Background: To ensure valid results of big data research in the medical field, the input laboratory results need to be of high quality. We aimed to establish a strategy for evaluating the quality of laboratory results suitable for big data research.

Methods: We used Korean Association of External Quality Assessment Service (KEQAS) data to retrospectively review multicenter data. Seven measurands were analyzed using commutable materials: HbA1c, creatinine (Cr), total cholesterol (TC), triglyceride (TG), alpha-fetoprotein (AFP), prostate-specific antigen (PSA), and cardiac troponin I (cTnI). These were classified into three groups based on their standardization or harmonization status. HbA1c, Cr, TC, TG, and AFP were analyzed with respect to peer group values. PSA and cTnI were analyzed in separate peer groups according to the calibrator type and manufacturer, respectively. The acceptance rate and absolute percentage bias at the medical decision level were calculated based on biological variation criteria.

Results: The acceptance rate (22.5%-100%) varied greatly among the test items, and the mean percentage biases were 0.6%-5.6%, 1.0%-9.6%, and 1.6%-11.3% for all items that satisfied optimum, desirable, and minimum criteria, respectively.
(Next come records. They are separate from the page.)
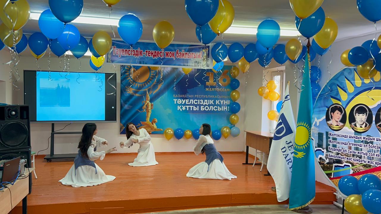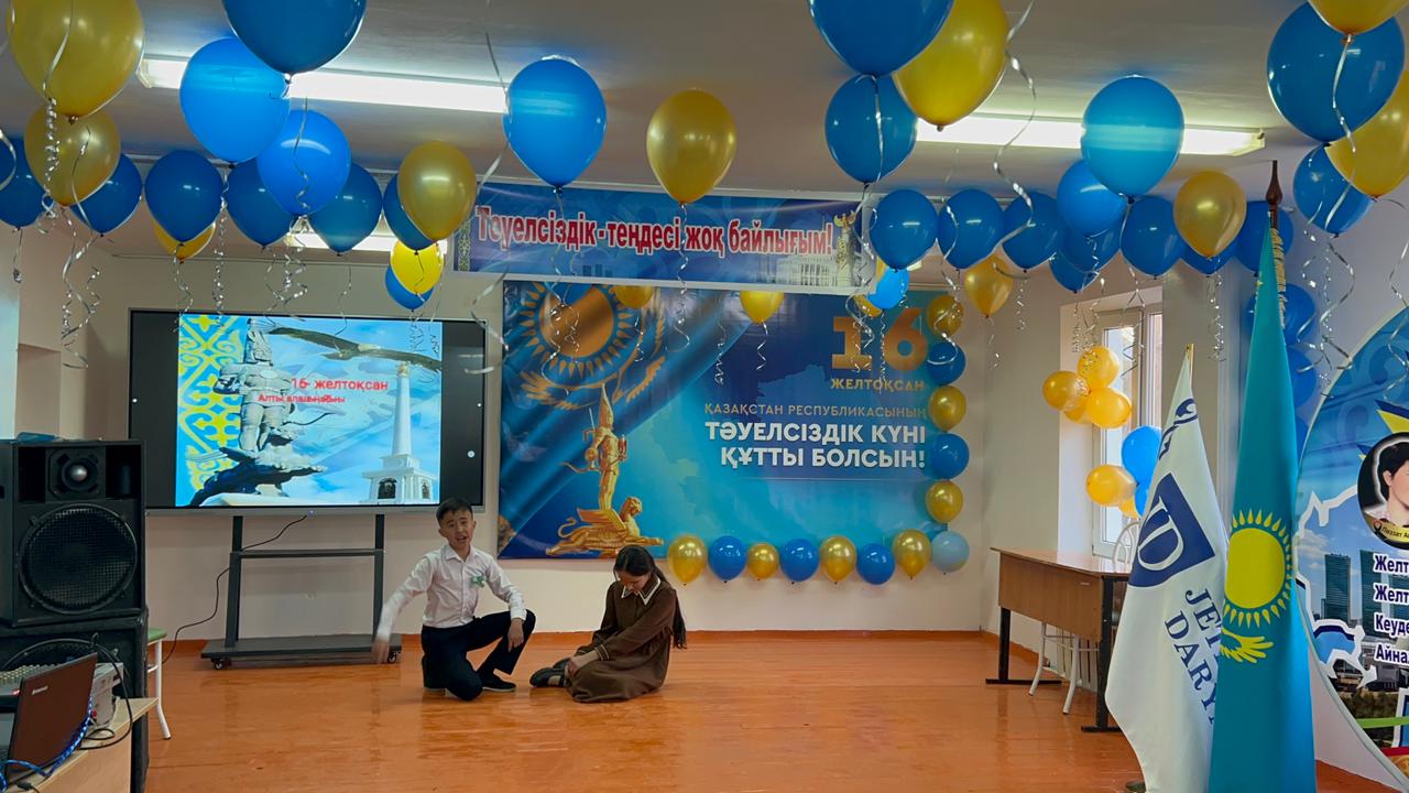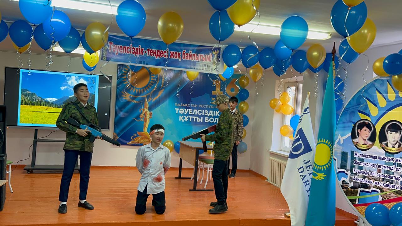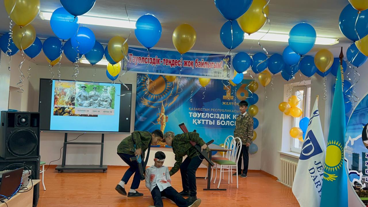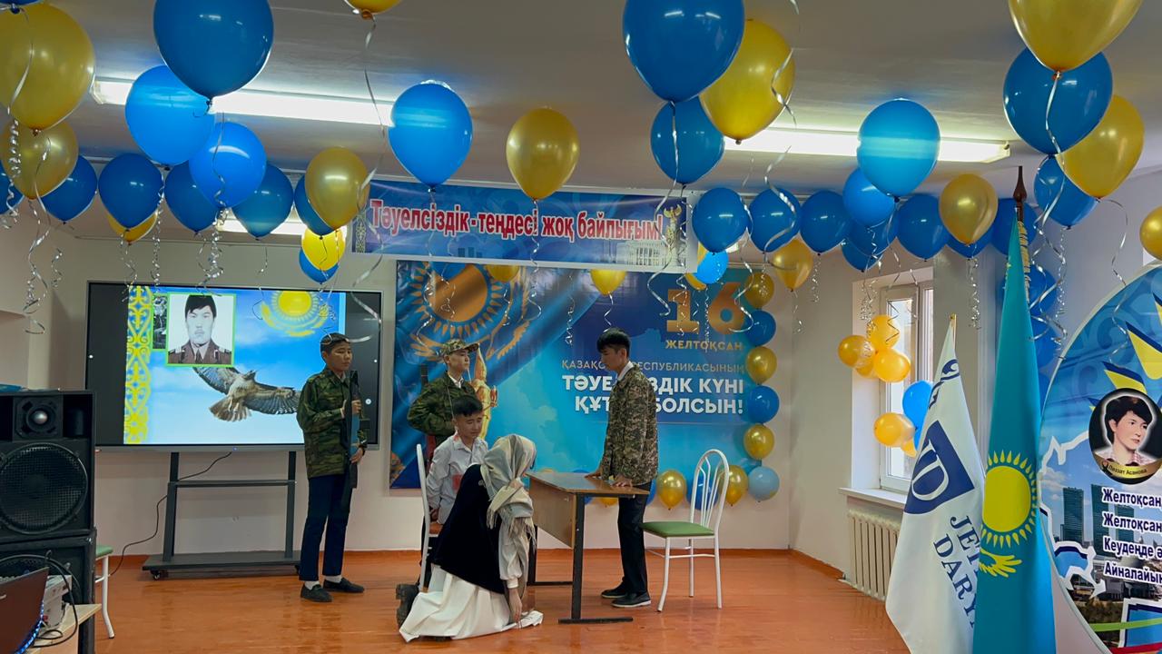 «Жетісай ауданының мамандандырылған «Дарын» мектеп-интернаты» КММ-сі 8 «Б» сынып оқушыларының қатысуымен тәрбиеші Шайдулина Ғалия Қалижанқызы «Тәуелсіздік –теңдесі жоқ байлығым» тақырыбында мерекелік іс-шара өткізді. Мектеп директоры Алиев Көбей Амирбекұлы ізгі ақ тілегін арнап, кеш шымылдығын ашып берді. Жоғары деңгейде ұйымдастырылған бұл іс-шарада ән мен жырдан шашу шашып, мың бұрала билеген бишілер, «Елімнің еркіндігі - Тәуелсіздік!» деп, жырлаған рухты ақындар, сахналық қойылымдар көрермендерді тәнтті етті.
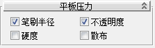 使用绘图板(亦称手写板)绘制时,可以通过更改绘制时绘图板上的笔压力来改变以下设置。
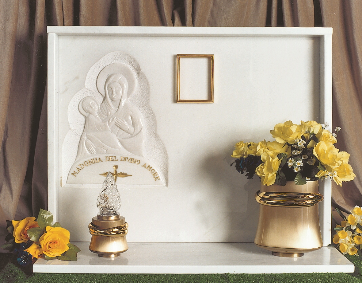 Marmo rosè come foto, epigrafe incisa, vaso e lume massello, scultura incisa volto Madonna.
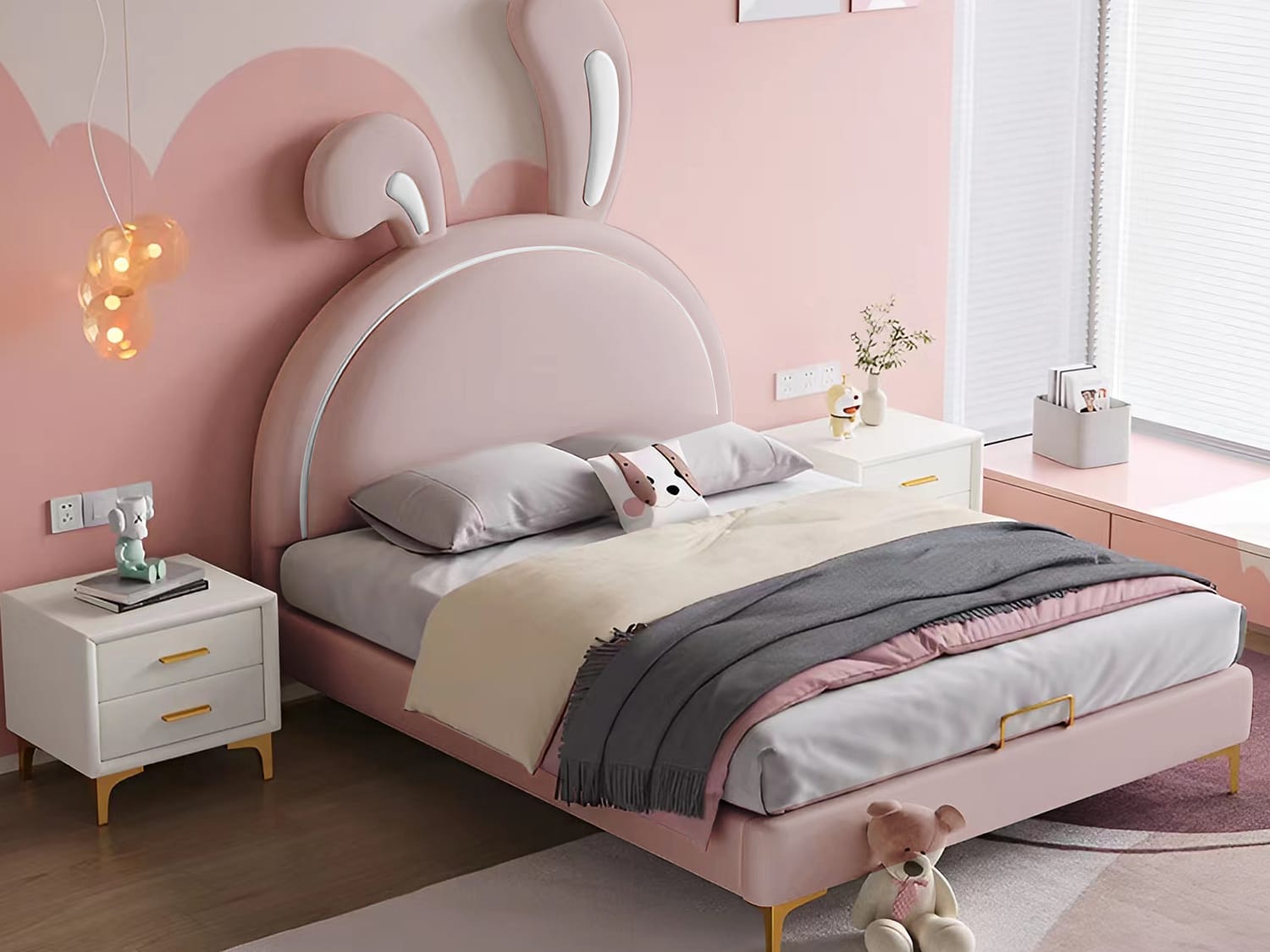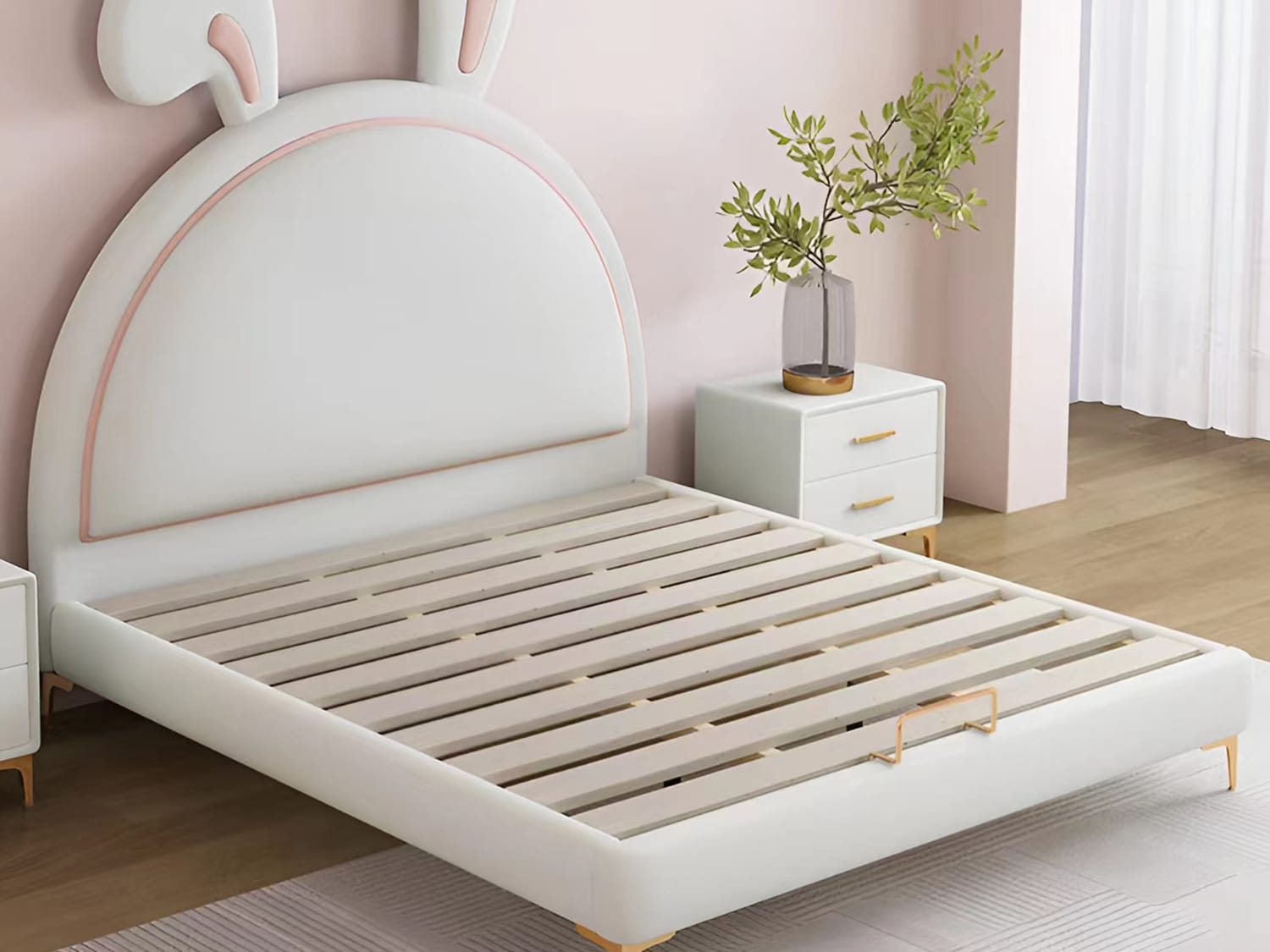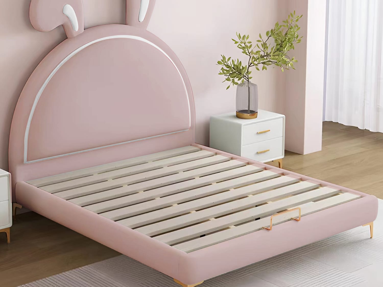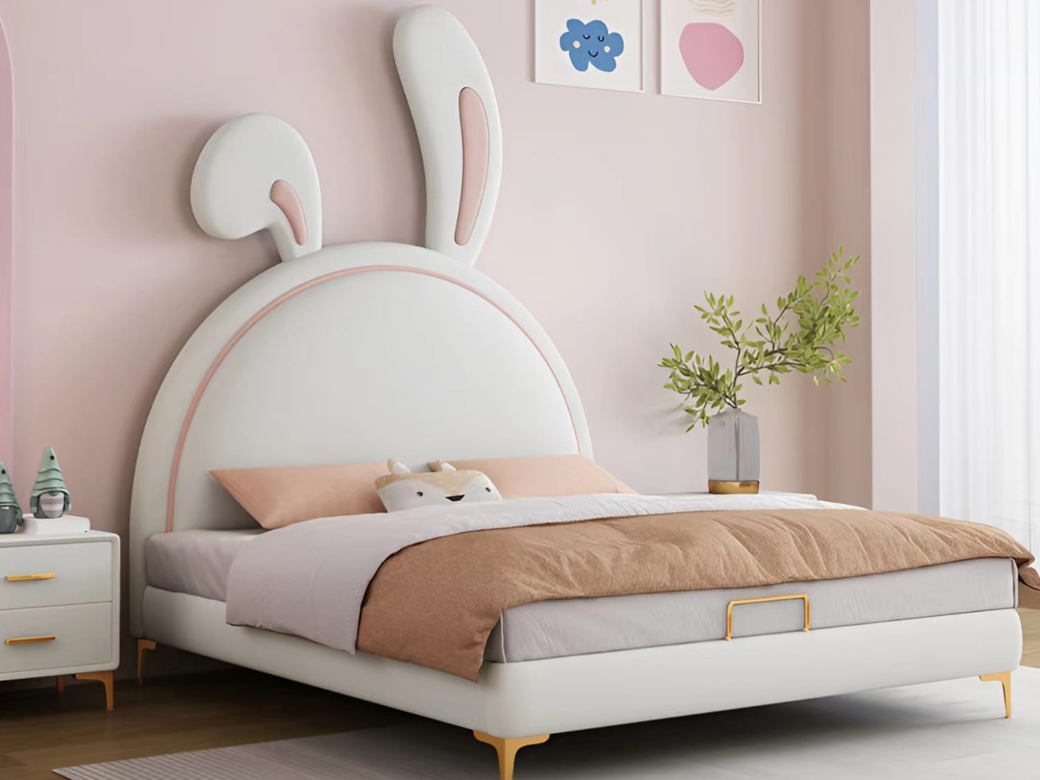 Are you looking for a bed for your child’s room? You can’t go wrong with the Wallacia cute rabbit kids’ bed frame. This frame is easy to assemble and comes with instructions on how to put it together. It has a round safety corner that is stable and sturdy, so you can rest assured that your child will be safe in it. The creative rabbit design will definitely make your child happy and excited about having their own bed.

Conclusions: The acceptance rate of participants and their external quality assessment (EQA) results exhibited statistically significant differences according to the quality grade for each criterion. Even when they passed the EQA standards, the test results did not guarantee the quality requirements for big data. We suggest that the KEQAS classification can serve as a guide for building big data.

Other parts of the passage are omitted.